Task to complete:
Copy out the entries below exactly as they stand, but only from the line containing "in wild forest" through the line containing "泰州數據產業園綜合樓二期現場".

Extracted data:
:::::
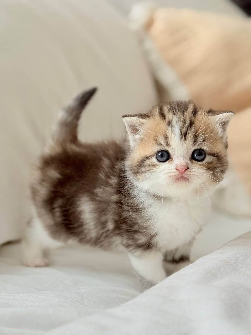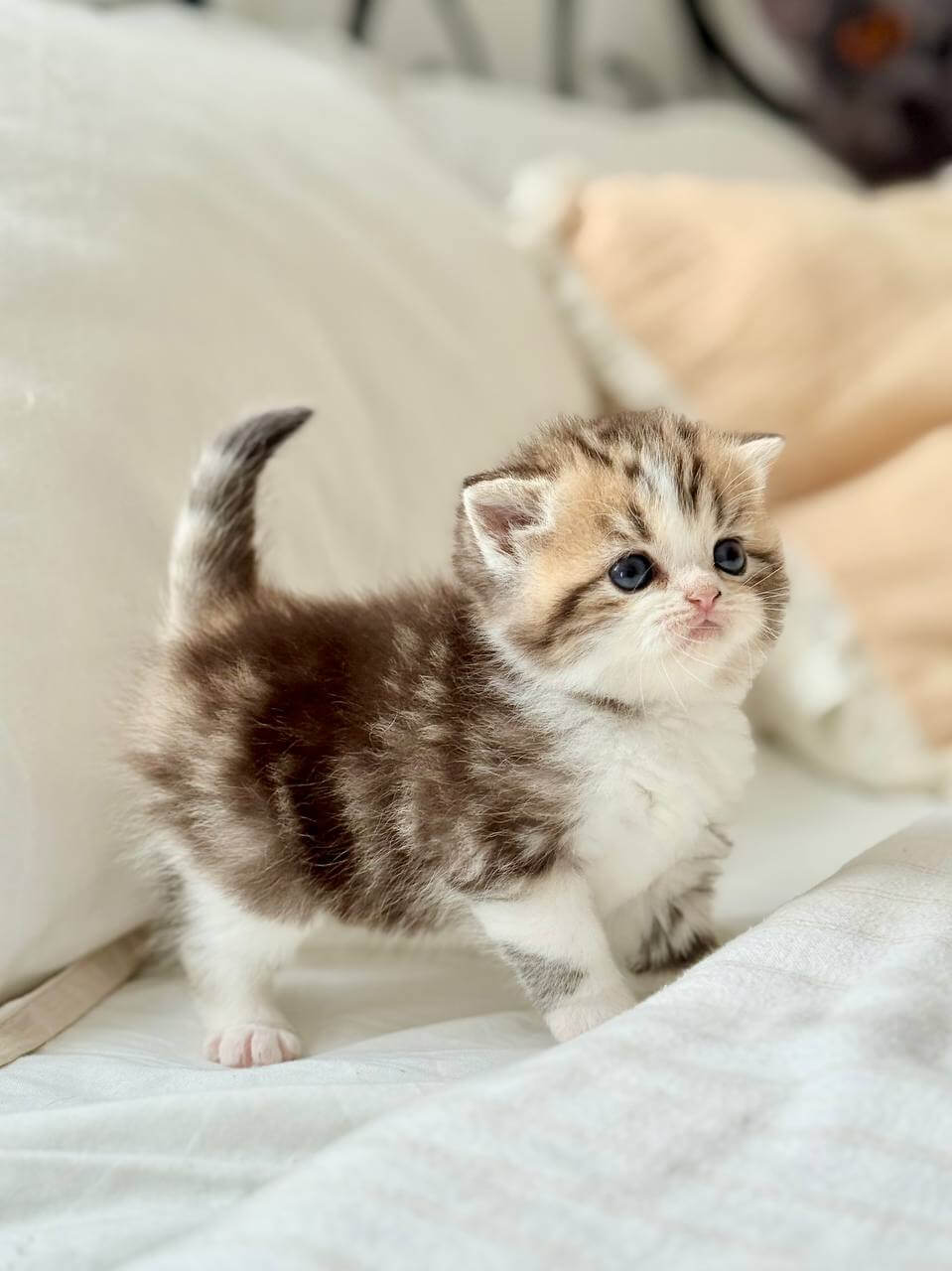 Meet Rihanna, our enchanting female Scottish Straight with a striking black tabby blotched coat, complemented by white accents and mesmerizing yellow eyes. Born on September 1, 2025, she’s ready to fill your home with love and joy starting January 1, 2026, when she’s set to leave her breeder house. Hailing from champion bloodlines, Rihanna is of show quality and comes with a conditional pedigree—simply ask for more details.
:::::
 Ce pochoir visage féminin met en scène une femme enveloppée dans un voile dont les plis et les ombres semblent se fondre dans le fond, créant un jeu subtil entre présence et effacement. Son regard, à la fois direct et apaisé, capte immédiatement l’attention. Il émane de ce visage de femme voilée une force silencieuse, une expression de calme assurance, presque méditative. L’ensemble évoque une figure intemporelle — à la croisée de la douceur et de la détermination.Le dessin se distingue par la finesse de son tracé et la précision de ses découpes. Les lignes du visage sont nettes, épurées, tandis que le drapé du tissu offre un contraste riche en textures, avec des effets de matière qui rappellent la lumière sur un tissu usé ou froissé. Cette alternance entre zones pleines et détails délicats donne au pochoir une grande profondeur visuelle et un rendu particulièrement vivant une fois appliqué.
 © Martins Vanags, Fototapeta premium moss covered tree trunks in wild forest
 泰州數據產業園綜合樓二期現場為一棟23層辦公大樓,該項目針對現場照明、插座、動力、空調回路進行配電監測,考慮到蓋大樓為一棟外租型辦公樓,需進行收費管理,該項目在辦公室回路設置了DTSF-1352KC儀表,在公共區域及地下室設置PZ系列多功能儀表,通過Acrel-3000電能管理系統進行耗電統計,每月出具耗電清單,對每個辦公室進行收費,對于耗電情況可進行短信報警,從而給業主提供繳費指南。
:::::
Solution below:
 © Martins Vanags, Fototapeta premium moss covered tree trunks in wild forest
 泰州數據產業園綜合樓二期現場為一棟23層辦公大樓,該項目針對現場照明、插座、動力、空調回路進行配電監測,考慮到蓋大樓為一棟外租型辦公樓,需進行收費管理,該項目在辦公室回路設置了DTSF-1352KC儀表,在公共區域及地下室設置PZ系列多功能儀表,通過Acrel-3000電能管理系統進行耗電統計,每月出具耗電清單,對每個辦公室進行收費,對于耗電情況可進行短信報警,從而給業主提供繳費指南。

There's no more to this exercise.